Bulletin "Veterinary biotechnology"

Veterynarna biotehnologija – Veterinary biotechnology, 2019, 35, 116-128 [in Ukrainian]. https://doi.org/10.31073/vet_biotech35-14

RIEZNICHENKO L.S., e-mail: This email address is being protected from spambots. You need JavaScript enabled to view it., DYBKOVA S.M., e-mail: This email address is being protected from spambots. You need JavaScript enabled to view it.,

F.D. Ovcharenko Institute of Biocolloidal Chemistry NAS Ukraine

Institute of Veterinary Medicine NAAS

DOROSHENKO A.M., e-mail: This email address is being protected from spambots. You need JavaScript enabled to view it.

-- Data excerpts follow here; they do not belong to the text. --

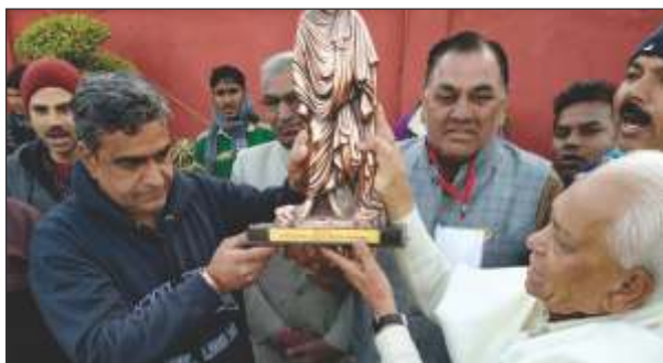
Dr. S.N. Subba Rao,

popularly known as Bhajji. A well known Gandhian and the founder of the National Youth Project of India, dedicated his life to Gandhian ideals. He has been associated with several organisations, including the Student Congress and the Rashtra Seva Dal. He is famous for conducting the Youth leadership camps, employment generation camps and programmes related to empowerment of rural people and students. In this series Dr. Subba Rao conducted a camp in our campus, here he conveyed the message of selfless service to the community and motivated our students and lecturers with gandhian perspective and moral values.
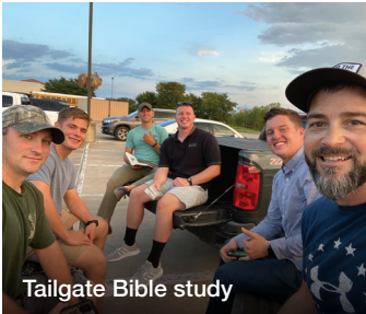
Tailgate Bible study
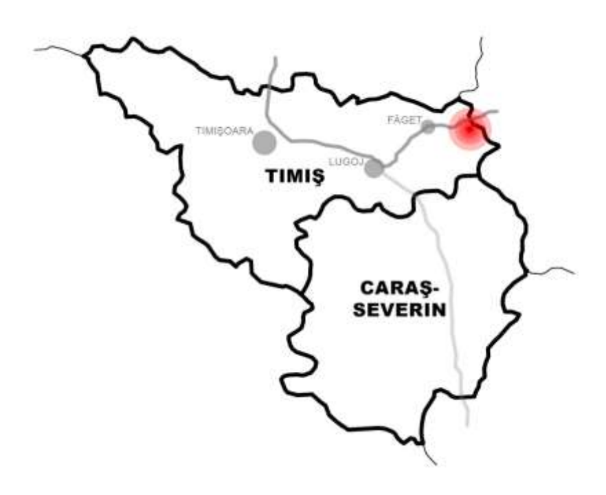
Figure 1. The location of Crivina de Sus within the Banat region.

study the cemeteries of Banat, with a grant from AFCN, a division of the Romanian Ministry of Culture. The team, formed by 3 architects, 3 landscape architects and an anthropologist, arrived in the picturesque village of Crivina de Sus. The village emerged in the valley of the Bega river, a remote location, surrounded by hills and luxuriant woods. On top of one of these hills, there stood, majestically, Banat's presumably oldest wooden church: Saint Paraschiva from Crivina de Sus. The cemetery was literally a jungle and it was difficult to distinguish the beautiful wooden crosses sourrounding the church. The community shifted to Neo-protestantism and buried their loved ones in a cemetery nearby. The church was in decay as well. Since it rained inside, the religious service was moved in a small room in Caminul Cultural , a building of all-purposes in the village, near the school.
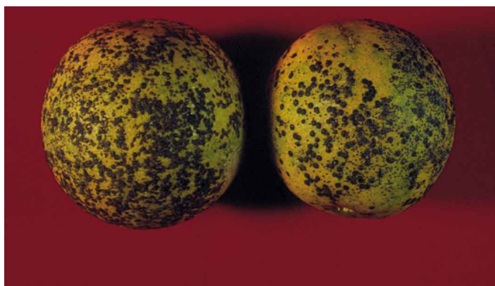
Figure 7. Florida red scale on fruit.

Florida red scale is under biological control by the introduced parasite, Aphytis holoxanthus (DeBach). Some additional insect predators feed on Florida red scale.
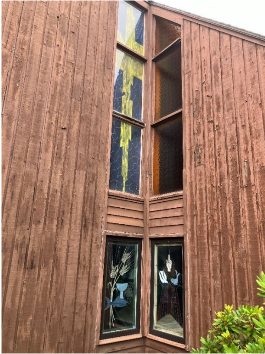
General condition of siding is not good. Siding has been rained several times, but is deteriorated to the point that this is no longer an option.
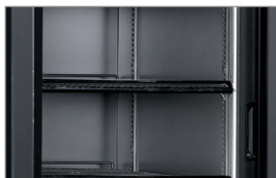
Luci led Led lighting
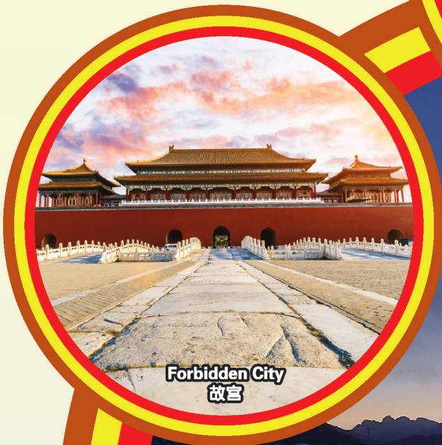
Forbidden City 故宫
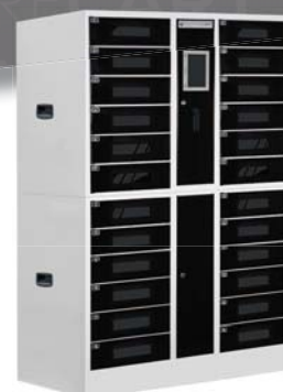
AC-LOCKER-24 24 Bay Locker Devices up to 17"
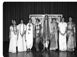
MOP vaishnav group
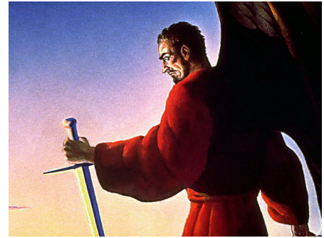
Satan works through men and governments to destroy God’s people.

Here we notice that the beast persecutes the true followers of Christ and requires the inhabitants of the earth to worship him. The “dragon” in chapter 12, as standing before the woman about to give birth to the child precedes this beast power. This child is none other than Jesus Christ (see study 25 – The True Church ). Primarily the dragon represents the devil. Rev.12:9. However, Satan works behind the scenes, using men and governments to pursue his acts of hatred against Christ and His truth. What earthly government did Satan use in his attempts to destroy Jesus? A Roman governor sought to destroy Him at his birth, and a Roman ruler sentenced Him to death on the cross. The dragon which gave its “authority” (Rev. 13:2) to the religious power that had the “mark” was none other than “pagan Rome.” Now, what power acting in the realm of religion received from pagan Rome it’s “seat and great authority”? The historian states, “out of the ruins of political Rome arose the great moral empire in the “giant form” of the Roman church.” ( The Rise of the Medieval Church , page 150, A.C. Flick.)
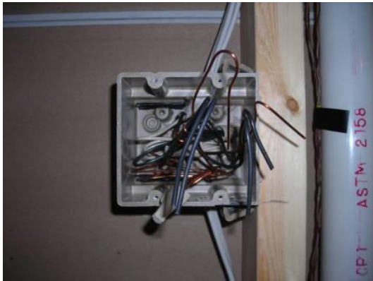
1. Electrical rough-in have all boxes made up and ready with minimum 6-inch tails.
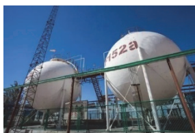
Fluorine chemical industry
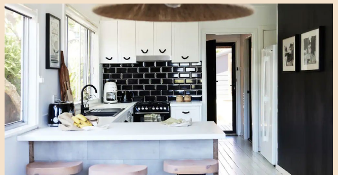
The Black Ace Yamba, New South Wales, Australia
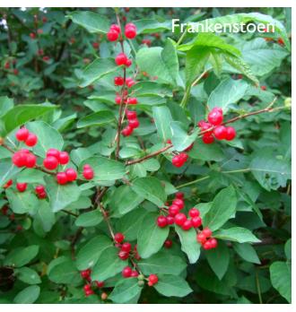
Invasive honeysuckles Many, Lonicera spp.
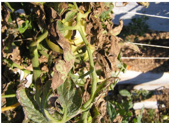
Figure 4. Freeze damaged tomato.

Many fruit, ornamental, and — to a lesser extent—vegetable plants grown in Florida are quite sensitive to cold weather. This is especially true of plants that are native to tropical areas, such as papaya, begonia, and many palm species. Therefore, it should come as no surprise that these plants are frequently injured by low temperatures. This damage may even occur above 32°F (0°C) on particularly cold-sensitive species. Freezing temperatures damage plants by inducing ice-crystal formation in or between cells. Cell membranes rupture on contact with the sharp edges of these crystals. As large numbers of adjacent cells die, the damage (necrosis) becomes visible to the naked eye. Hence, a primary symptom of frost or freeze injury is areas of necrotic tissue, especially at leaf tips and margins (Fig. 4).
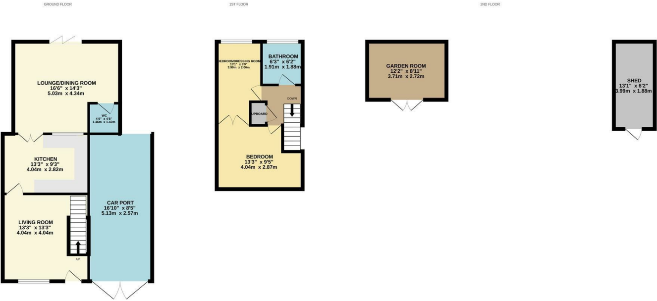
Measurements are approximate. Not to scale. Illustrative purposes only. Made with Metropix ©2025

Bogomolets National Medical University


Introduction. Among the vital microelements which deficiency leads to the greatest damage in livestock, especially in pig breeding, the leading role belongs to iron. Iron deficiency can lead to loss of 20–30% of the suckling piglets in the first weeks. So, search for new remedies effective in prevention of iron deficiency and the treatment of iron deficiency anemia is an urgent task.

The goal of the work was to determine in vivo the iron nanoparticles effectiveness in the treatment of iron deficiency anemia under their oral administration to experimental animals.

Materials and methods. Synthesized biosafe iron nanoparticles were used in this study. Their antianemic properties were studied on the model of iron deficiency anemia of female Wistar rats. Antianemic effectiveness was estimated under the 10-days treatment course of nanoparticles oral administration in the dose of 12 mg/kg. Iron(III)-hydroxide polymaltose complex (IPC) was used as comparison drug. Blood parameters (hemoglobin and iron concentrations, transferrin saturation percentage) were analysed using standard biochemical kits. The state of microflora in lower part of rats’ gastrointestinal tract has been determined according to the standard microbiological protocols.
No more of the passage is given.